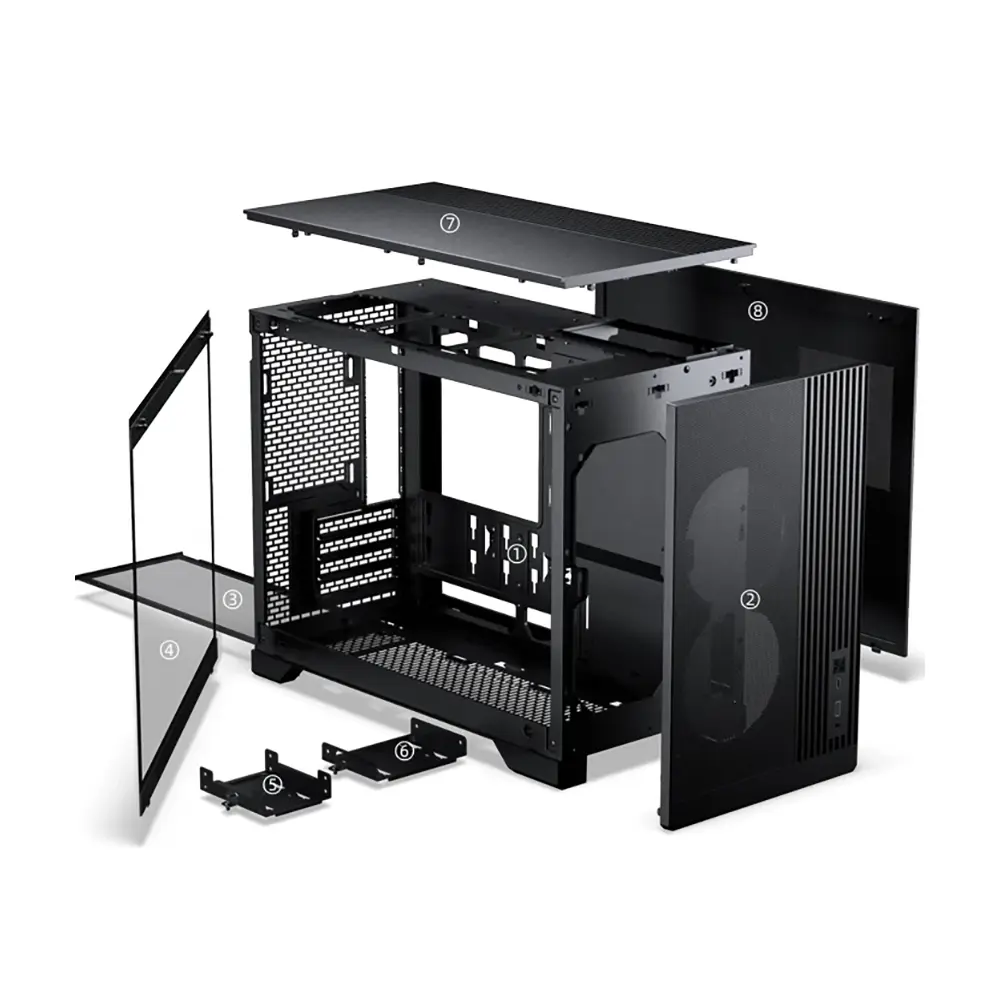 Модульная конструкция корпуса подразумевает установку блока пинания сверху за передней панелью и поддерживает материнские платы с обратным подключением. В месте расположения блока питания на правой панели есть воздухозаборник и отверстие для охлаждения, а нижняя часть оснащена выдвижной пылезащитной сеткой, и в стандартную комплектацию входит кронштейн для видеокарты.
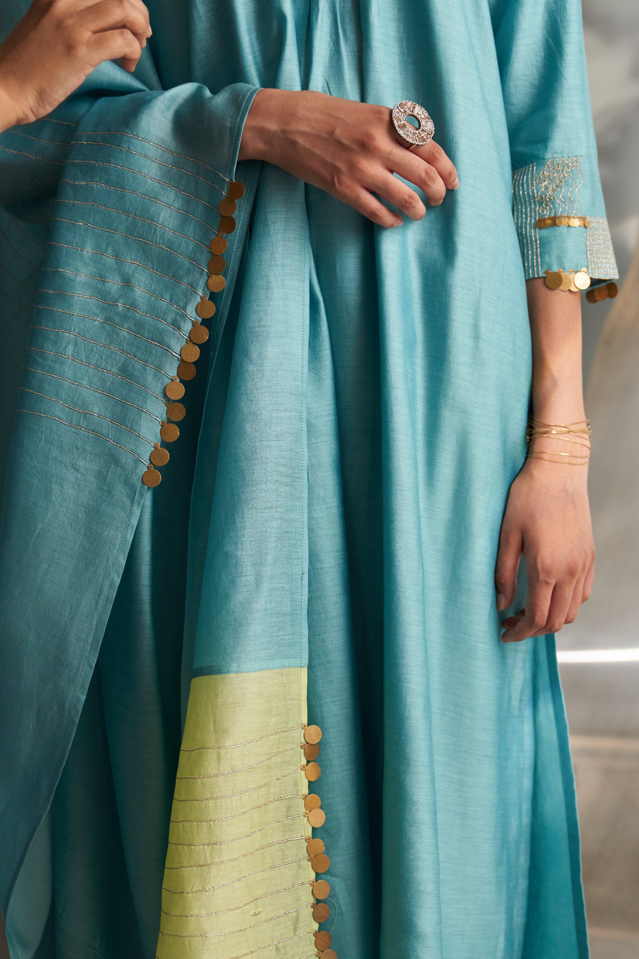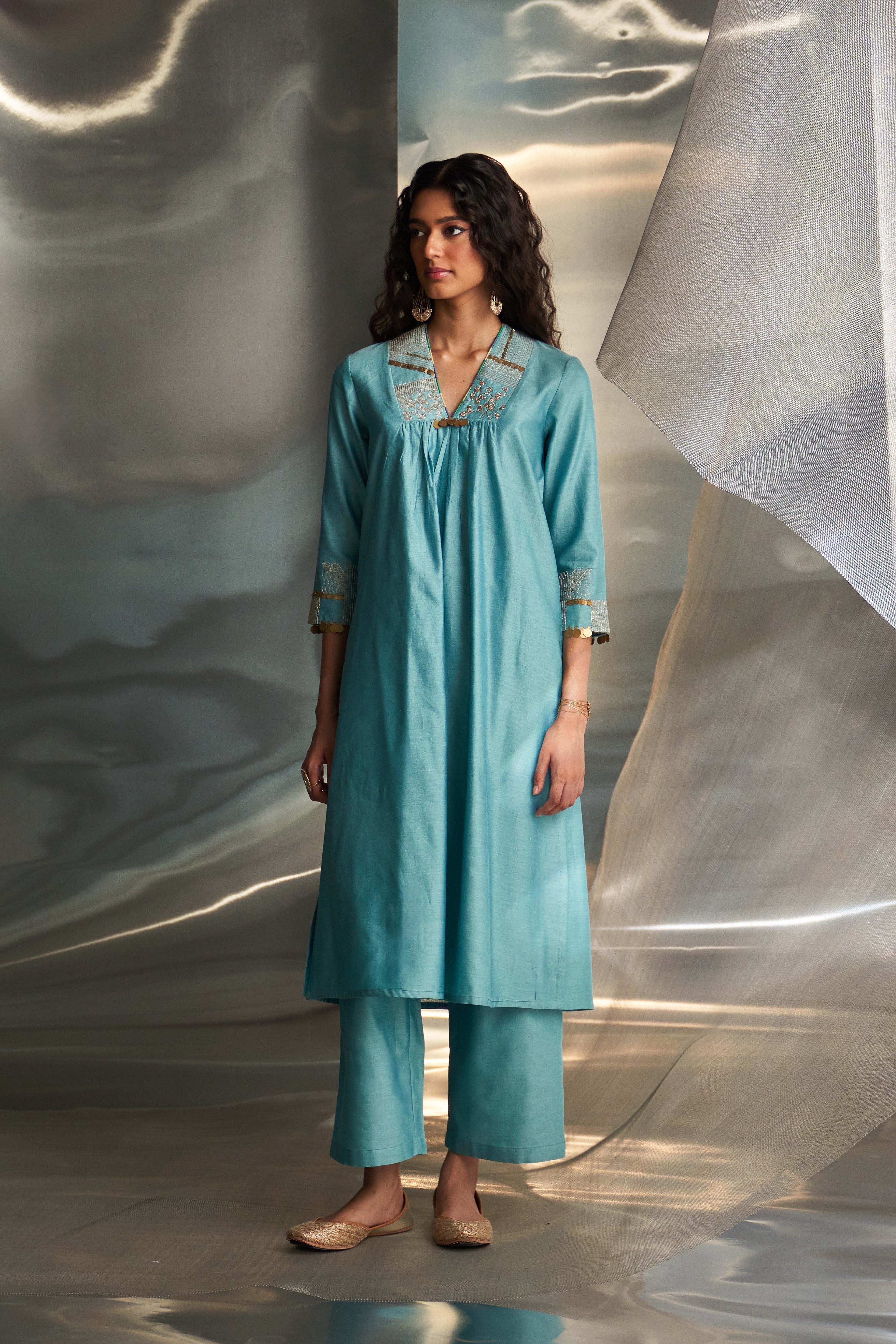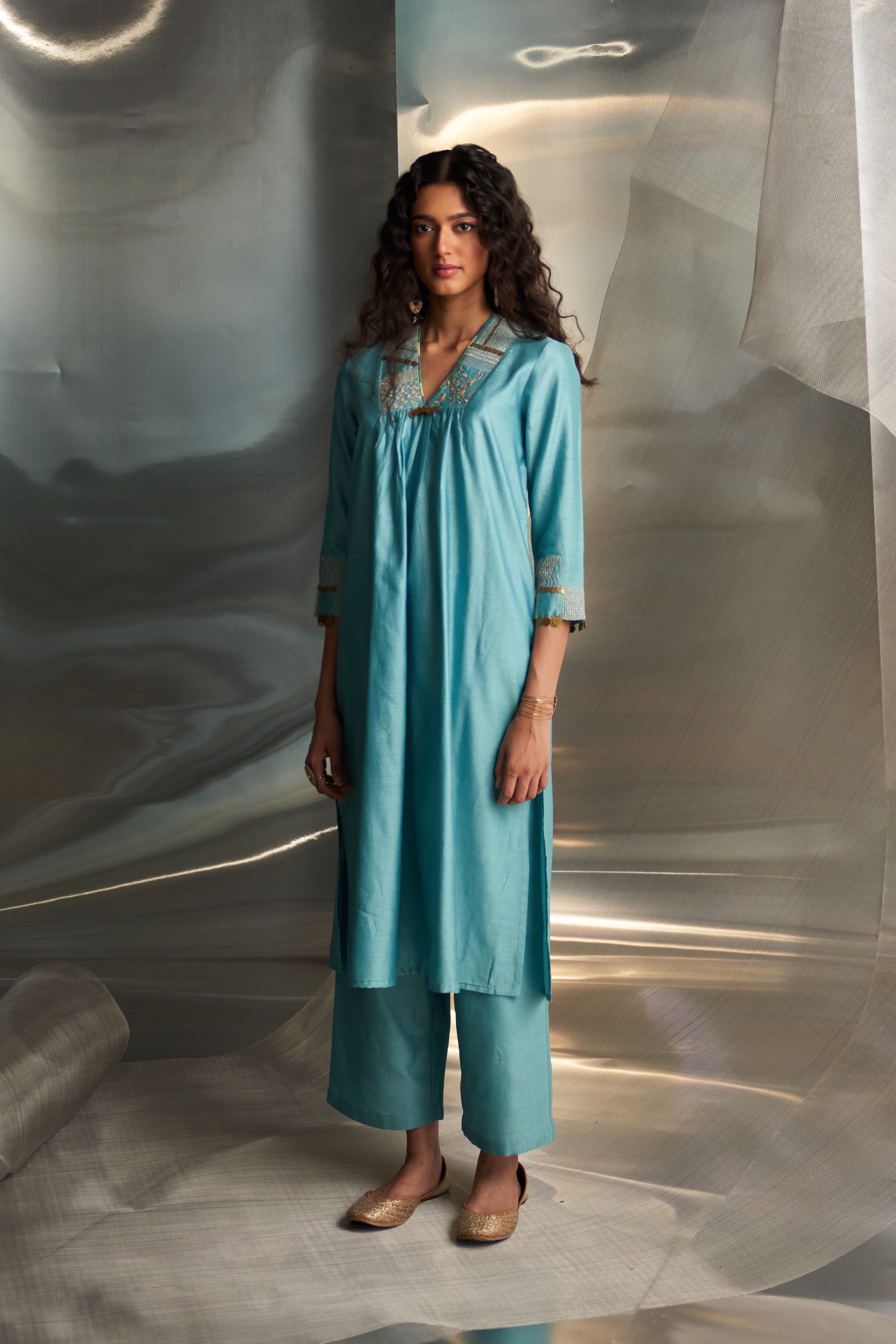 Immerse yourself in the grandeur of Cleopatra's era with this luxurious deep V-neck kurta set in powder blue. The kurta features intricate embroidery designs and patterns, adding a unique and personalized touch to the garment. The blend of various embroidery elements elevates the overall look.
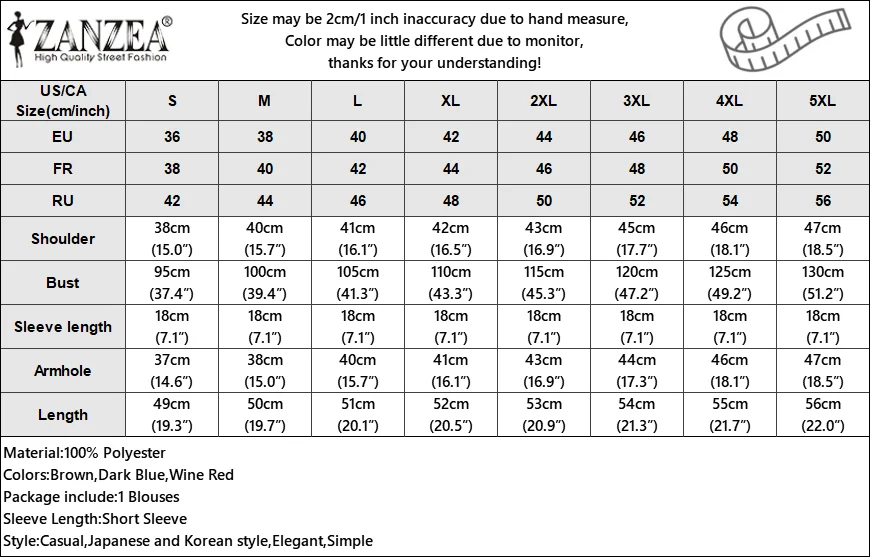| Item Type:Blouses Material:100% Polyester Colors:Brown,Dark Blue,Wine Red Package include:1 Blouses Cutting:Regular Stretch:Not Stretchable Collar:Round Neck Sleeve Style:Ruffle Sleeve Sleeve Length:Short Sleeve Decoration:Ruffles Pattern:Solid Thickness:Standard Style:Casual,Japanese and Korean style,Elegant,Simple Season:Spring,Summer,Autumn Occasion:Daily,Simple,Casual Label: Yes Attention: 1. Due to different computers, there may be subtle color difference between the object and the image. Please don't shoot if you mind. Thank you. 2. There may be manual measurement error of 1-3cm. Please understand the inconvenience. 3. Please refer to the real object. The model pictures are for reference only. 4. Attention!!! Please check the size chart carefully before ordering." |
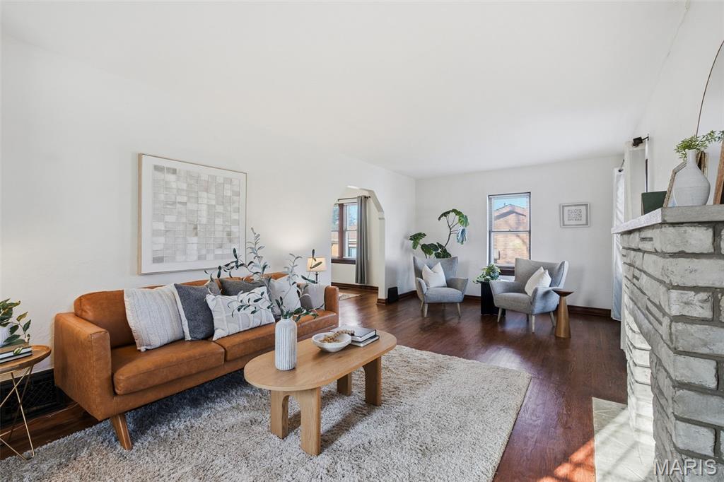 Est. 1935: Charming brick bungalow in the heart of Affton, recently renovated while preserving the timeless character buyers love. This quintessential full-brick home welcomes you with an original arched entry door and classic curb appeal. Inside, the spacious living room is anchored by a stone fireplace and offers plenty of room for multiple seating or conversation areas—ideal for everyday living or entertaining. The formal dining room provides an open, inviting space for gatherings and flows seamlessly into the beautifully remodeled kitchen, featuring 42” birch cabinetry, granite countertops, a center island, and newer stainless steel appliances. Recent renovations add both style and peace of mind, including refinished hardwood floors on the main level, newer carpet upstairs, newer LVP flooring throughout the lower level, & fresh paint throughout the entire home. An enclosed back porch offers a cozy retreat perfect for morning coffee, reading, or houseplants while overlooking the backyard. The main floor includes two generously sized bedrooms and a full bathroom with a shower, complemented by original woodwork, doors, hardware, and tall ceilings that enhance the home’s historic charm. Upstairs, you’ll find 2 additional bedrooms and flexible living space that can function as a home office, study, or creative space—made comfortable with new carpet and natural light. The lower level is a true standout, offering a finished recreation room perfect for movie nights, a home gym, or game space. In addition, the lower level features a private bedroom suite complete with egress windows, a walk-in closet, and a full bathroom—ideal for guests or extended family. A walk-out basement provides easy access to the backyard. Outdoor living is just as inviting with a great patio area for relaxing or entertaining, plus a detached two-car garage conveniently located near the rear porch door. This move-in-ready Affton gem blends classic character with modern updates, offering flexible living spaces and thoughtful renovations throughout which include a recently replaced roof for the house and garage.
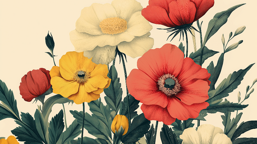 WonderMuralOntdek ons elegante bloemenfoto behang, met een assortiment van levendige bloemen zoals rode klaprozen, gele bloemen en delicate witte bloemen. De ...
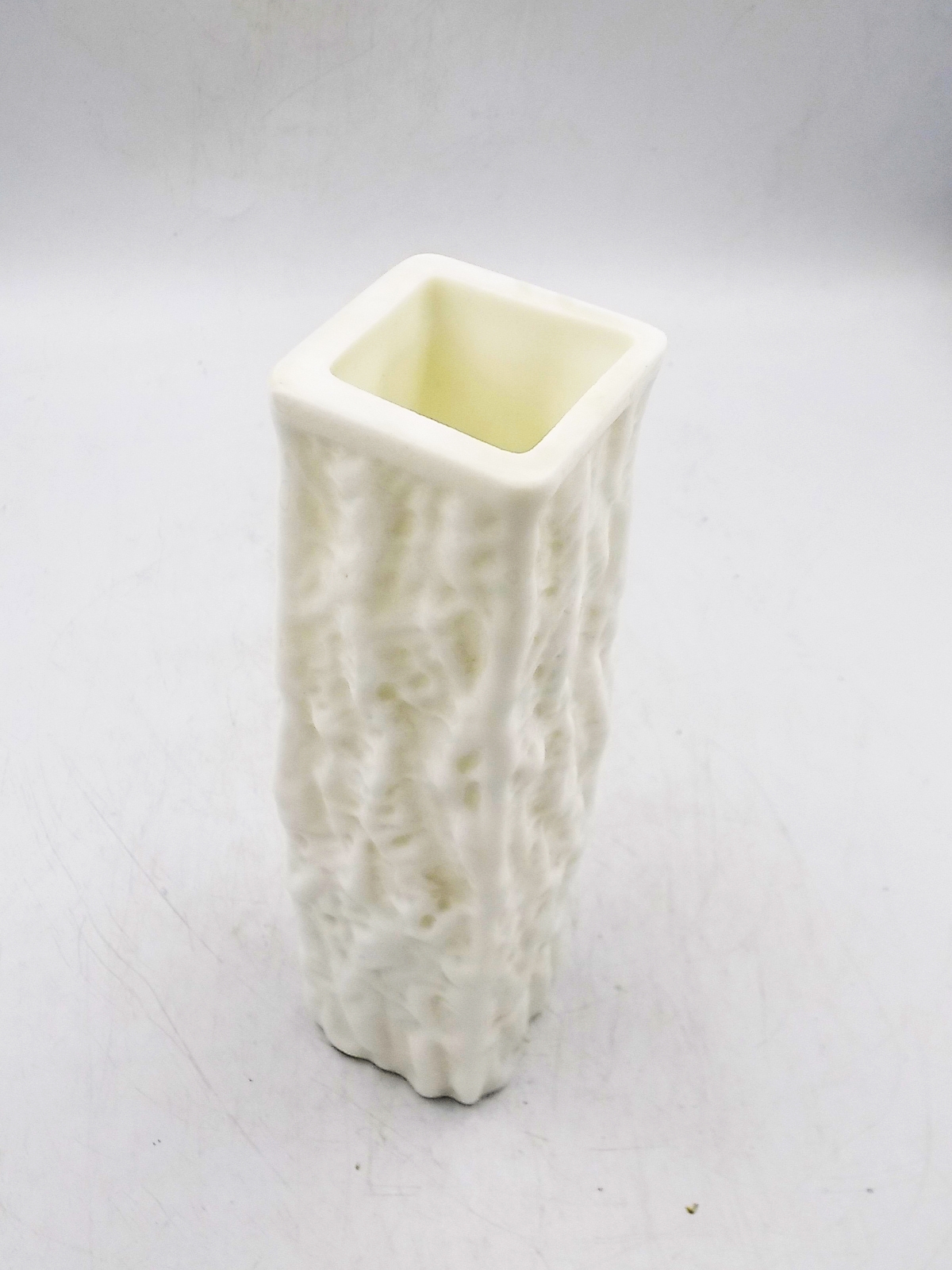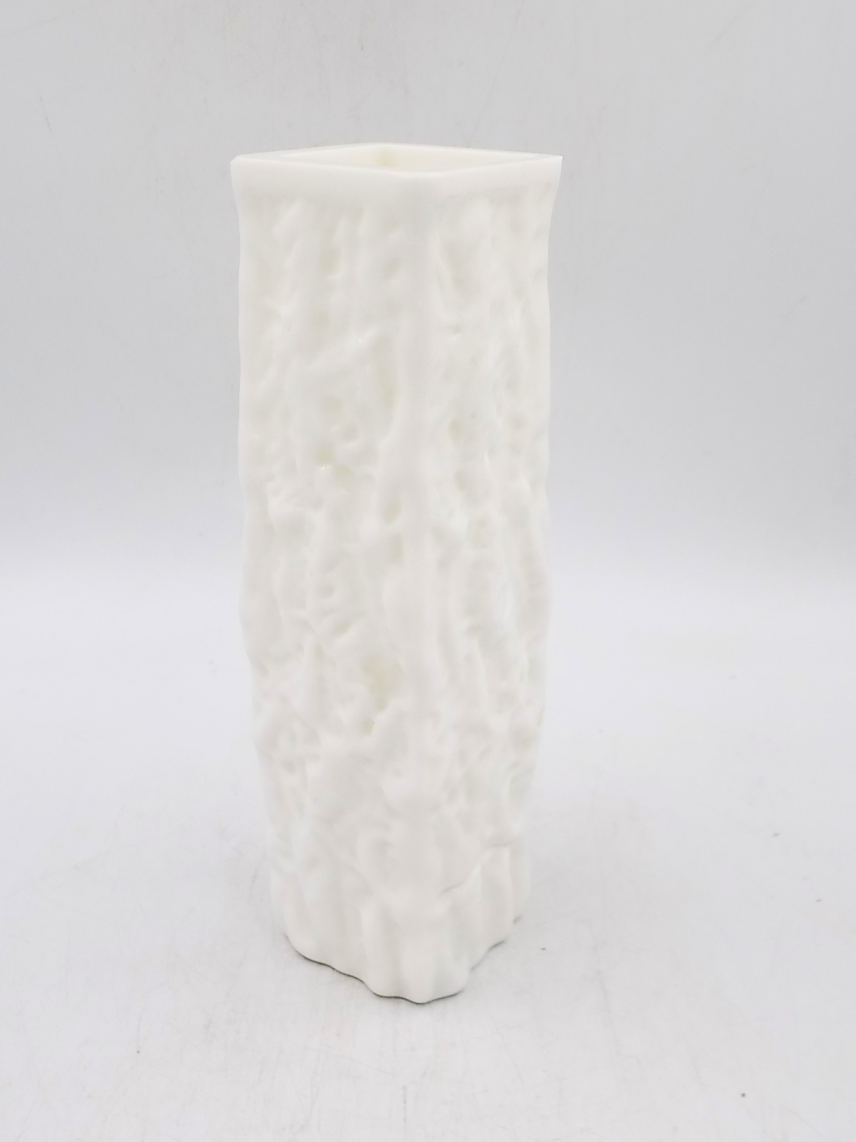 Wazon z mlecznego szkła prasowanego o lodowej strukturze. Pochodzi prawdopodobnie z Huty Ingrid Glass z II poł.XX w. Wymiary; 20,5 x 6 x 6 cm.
========
→ Task item:
Print exactly, and only, the lines from the line containing "WonderMuralOntdek ons elegante" to the last line of the material above, with every picture left out.

→ Output for this task:
 WonderMuralOntdek ons elegante bloemenfoto behang, met een assortiment van levendige bloemen zoals rode klaprozen, gele bloemen en delicate witte bloemen. De ...
 Wazon z mlecznego szkła prasowanego o lodowej strukturze. Pochodzi prawdopodobnie z Huty Ingrid Glass z II poł.XX w. Wymiary; 20,5 x 6 x 6 cm.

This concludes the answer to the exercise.